Collected data:
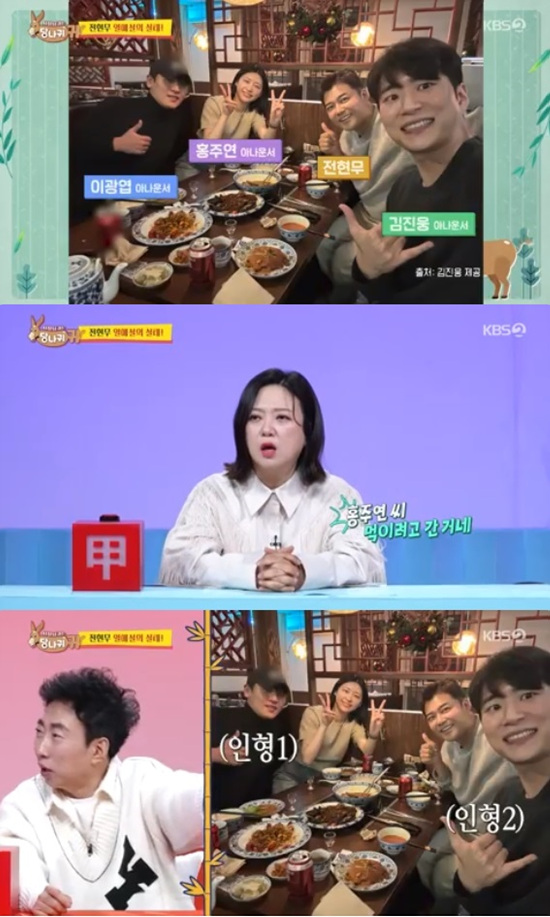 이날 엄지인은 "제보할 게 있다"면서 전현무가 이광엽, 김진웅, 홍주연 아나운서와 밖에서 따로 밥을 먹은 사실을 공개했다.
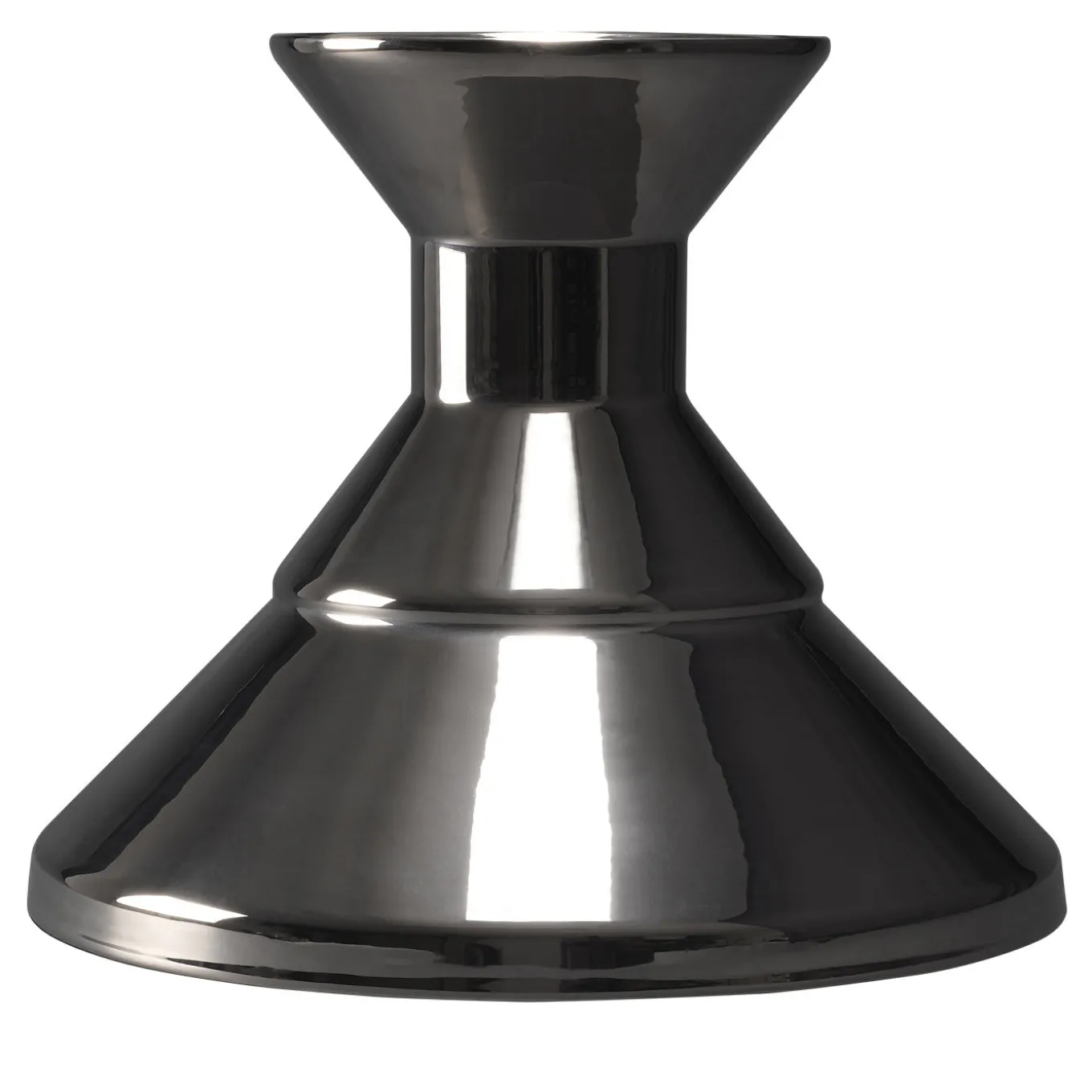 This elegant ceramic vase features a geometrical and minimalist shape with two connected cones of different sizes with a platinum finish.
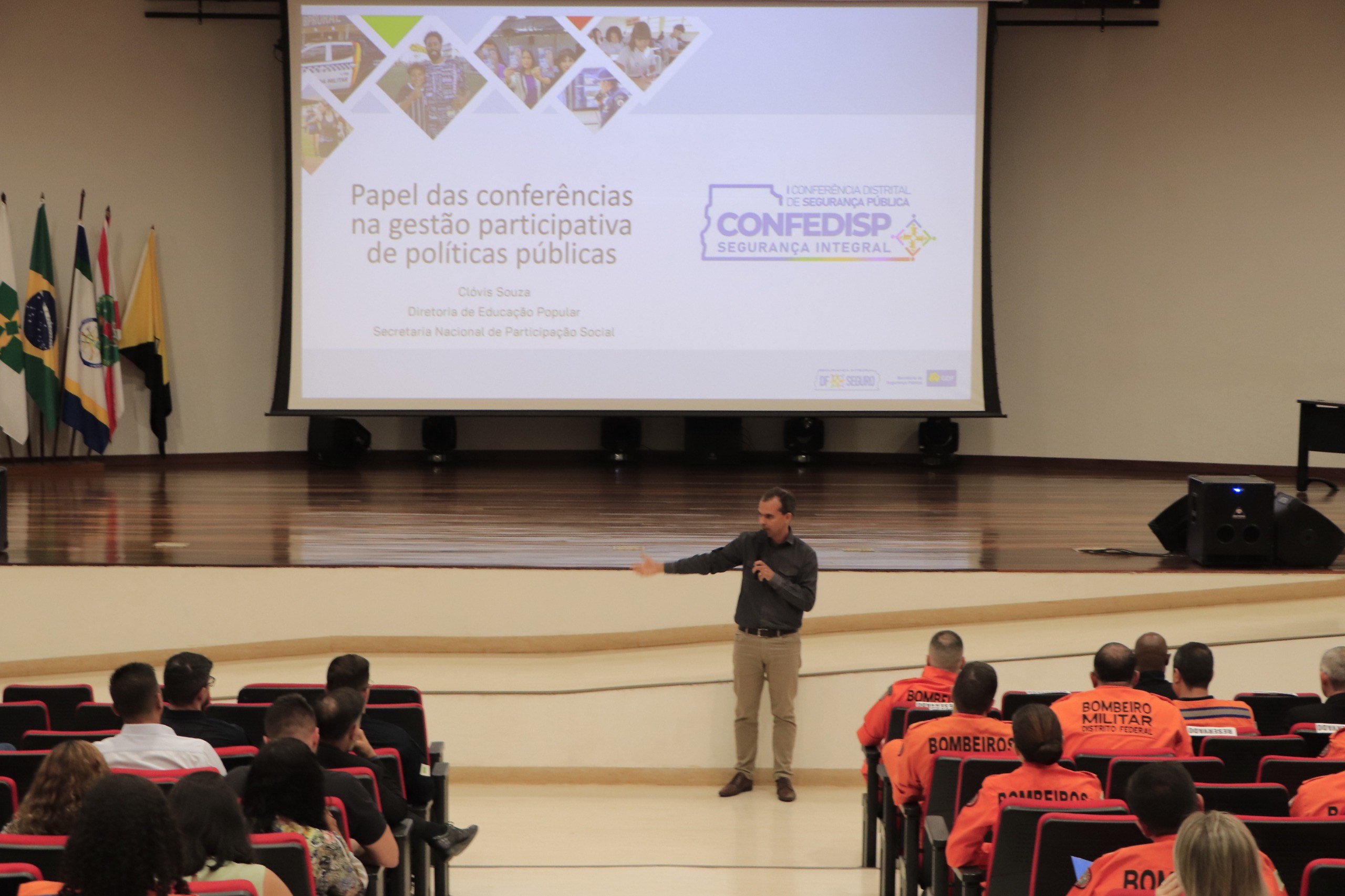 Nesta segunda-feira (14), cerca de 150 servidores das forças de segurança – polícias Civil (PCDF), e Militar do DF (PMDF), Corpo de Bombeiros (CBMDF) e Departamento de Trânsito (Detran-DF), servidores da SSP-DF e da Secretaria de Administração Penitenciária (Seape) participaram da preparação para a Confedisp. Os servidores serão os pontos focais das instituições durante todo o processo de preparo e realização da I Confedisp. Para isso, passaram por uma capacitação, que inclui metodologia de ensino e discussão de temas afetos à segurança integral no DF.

Exercise brief: For this exercise, repeat word for word only the lines from the one containing "This elegant ceramic" through the end of the data, including both. Pictures do not go in the copy.

Answer to this task:
 This elegant ceramic vase features a geometrical and minimalist shape with two connected cones of different sizes with a platinum finish.
 Nesta segunda-feira (14), cerca de 150 servidores das forças de segurança – polícias Civil (PCDF), e Militar do DF (PMDF), Corpo de Bombeiros (CBMDF) e Departamento de Trânsito (Detran-DF), servidores da SSP-DF e da Secretaria de Administração Penitenciária (Seape) participaram da preparação para a Confedisp. Os servidores serão os pontos focais das instituições durante todo o processo de preparo e realização da I Confedisp. Para isso, passaram por uma capacitação, que inclui metodologia de ensino e discussão de temas afetos à segurança integral no DF.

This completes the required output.